서른셋 - "Sikapmu padaku itu sangat manis."

339 49 1
                                    

"Jeongyeonie, Jimin belum bangun?" tanya Nayeon sambil menyiapkan sarapan.

"Belum, eomma."

"Kalau begitu bangunkan, kita sarapan bersama," sambungnya.

Jeongyeon segera berlalu ke kamar tempat Jimin tidur, dengan roti tawar yang ia gigit di mulutnya. Sebenarnya ia tahu betul semalam Jimin tidak bisa tidur dan baru saja tidur jam 4 pagi. Tapi jika dibiarkan bisa-bisa ia tidak bangun sampai nanti siang.

Sambil mengunyah, Jeongyeon memerhatikan Jimin dari samping ranjang. Pria itu tertidur sangat pulas bahkan pipinya memerah, manis sekali, pikir Jeongyeon. Tanpa sadar ia tersenyum saat memandangi Jimin yang sedang tidur. Bagaimana bisa wajah seorang Park Jimin bisa terlihat seperti bayi saat tertidur, andaikan saja di kehidupan nyata Jimin bisa semanis ini.

Lima menit berlalu, Jeongyeon masih di posisinya, berdiri di samping ranjang mengagumi keindahan wajah Jimin. Namun tidak lama setelah itu, Jimin terbangun. Tubuhnya mulai menggeliat, tapi matanya masih terpejam. Jeongyeon yang menyadari itu langsung mengajaknya bicara.
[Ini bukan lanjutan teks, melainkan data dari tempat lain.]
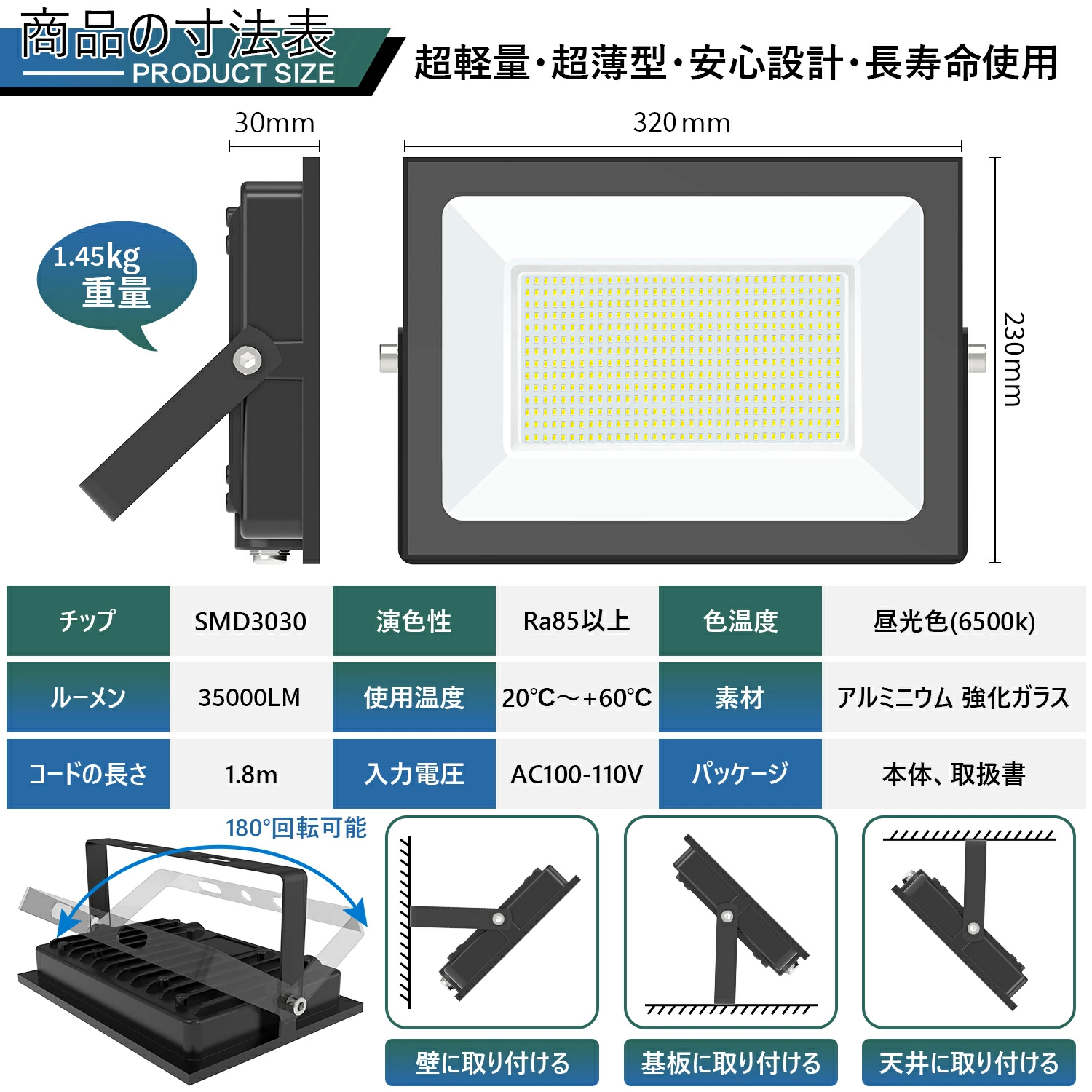 本日限定sale【超爆光.超薄型】投光器 屋外 作業灯 ledライト 300W 35000LM IP66防水 昼光色 6500K 高輝度 高放熱 省エネ軽量 120°広角 100V 屋外照明 防水

"Jimin-ah, cepatlah bangun. Eomma sudah menyiapkan sarapan, appa akan berangkat ke restoran sebentar lagi."

"Baiklah," balas Jimin singkat sambil berusaha membuka matanya.

Tubuh mungil namun berotot milik pria itu masih terbalut selimut tebal. Jeongyeon sudah mematikan pendingin ruangan sejak satu jam lalu, jadilah dahi pria itu mengeluarkan sedikit keringat yang membuat Jeongyeon refleks mengelapnya dengan tangan kosong.

"Sikapmu padaku itu sangat manis, Jeongie," ucap Jimin sambil tersenyum.

"Aku hanya refleks saja, tidak ada maksud apa-apa," balas Jeongyeon sambil berlalu.

Jimin duduk dan tersenyum, andai saja setiap pagi selalu seperti ini, pikirnya. Namun kenyataannya tidak bisa, kecuali ia menikah dengan Jeongyeon. Hal itu bisa dibilang mustahil, tapi Jimin tidak akan menyerah. Bagaimanapun caranya, ia harus memiliki Jeongyeon.

Jimin lalu beranjak ke kamar mandi, menggosok gigi, dan mencuci muka. Ia kemudian langsung turun dan bergabung di meja makan. Matanya takjub melihat banyaknya makanan yang dimasak Nayeon pagi ini. Apakah setiap hari begini atau karena ada Jimin? Ah, dirinya terlampau percaya diri. Ia kan bukan orang istimewa bagi keluarga ini.

"Jimin-ah, hari ini kau akan pulang ke apartemenmu kan?"

"Ne, ajeossi."

"Kalau begitu, titip salamku untuk Taehyung ya, tolong sampaikan aku sangat merindukannya," pinta Jaein.

"Baiklah," balas Jimin yang langsung melirik ke arah Jeongyeon.

Karena hari ini Jimin tidak ada jadwal pemotretan, ia memaksa ingin ikut Jaein ke restoran. Ia ingin tahu bagaimana ayah dari satu orang anak itu mengelola restorannya hingga bisa sukses seperti sekarang.

Jeongyeon tersenyum sinis saat Jimin memuji kerja keras ayahnya. Ia ingat dulu saat Jimin bilang bahwa Jeongyeon adalah anak budak, ia begitu sakit hati. Memang benar, Jaein dulunya adalah seorang pesuruh, pelayan, kerjanya serabutan. Namun berkat kegigihannya, ia bisa sukses seperti sekarang walaupun restorannya baru memiliki tiga cabang.

"Kalau begitu, appa hari ini tidak usah naik motor. Aku akan mengantar kalian ke restoran," ucap Jeongyeon sambil mencuci piring.

"Kau juga akan ikut menemani appa seharian?"

"Ah, tidak. Aku akan langsung ke kantor, ada sedikit urusan. Setelah itu aku akan pulang," balas Jeongyeon.